▸ DATASET CONTENT

§

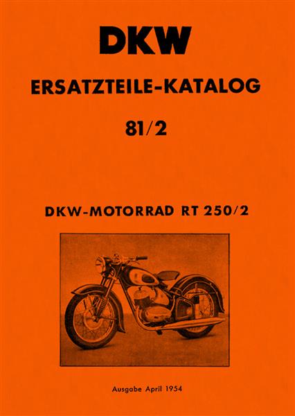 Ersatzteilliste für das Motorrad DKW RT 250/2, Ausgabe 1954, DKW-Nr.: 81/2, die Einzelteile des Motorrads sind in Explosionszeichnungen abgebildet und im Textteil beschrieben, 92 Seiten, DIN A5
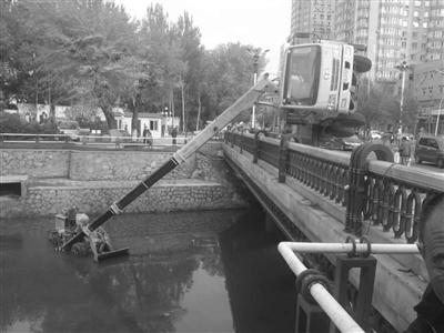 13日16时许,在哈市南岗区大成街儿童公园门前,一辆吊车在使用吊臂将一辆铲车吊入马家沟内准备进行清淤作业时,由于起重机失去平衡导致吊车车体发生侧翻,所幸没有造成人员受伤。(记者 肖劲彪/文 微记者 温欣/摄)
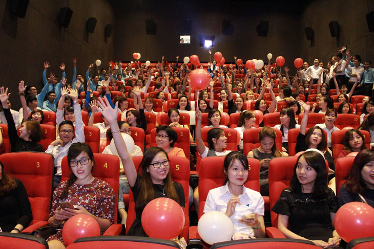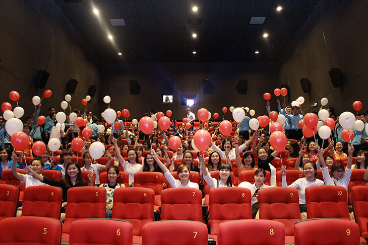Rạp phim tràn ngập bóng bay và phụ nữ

§

▸ WORK ITEM
Your reply should hold every line of the material, unaltered, and not one picture.

▸ TASK OUTPUT
 Ersatzteilliste für das Motorrad DKW RT 250/2, Ausgabe 1954, DKW-Nr.: 81/2, die Einzelteile des Motorrads sind in Explosionszeichnungen abgebildet und im Textteil beschrieben, 92 Seiten, DIN A5
 13日16时许,在哈市南岗区大成街儿童公园门前,一辆吊车在使用吊臂将一辆铲车吊入马家沟内准备进行清淤作业时,由于起重机失去平衡导致吊车车体发生侧翻,所幸没有造成人员受伤。(记者 肖劲彪/文 微记者 温欣/摄)
Rạp phim tràn ngập bóng bay và phụ nữ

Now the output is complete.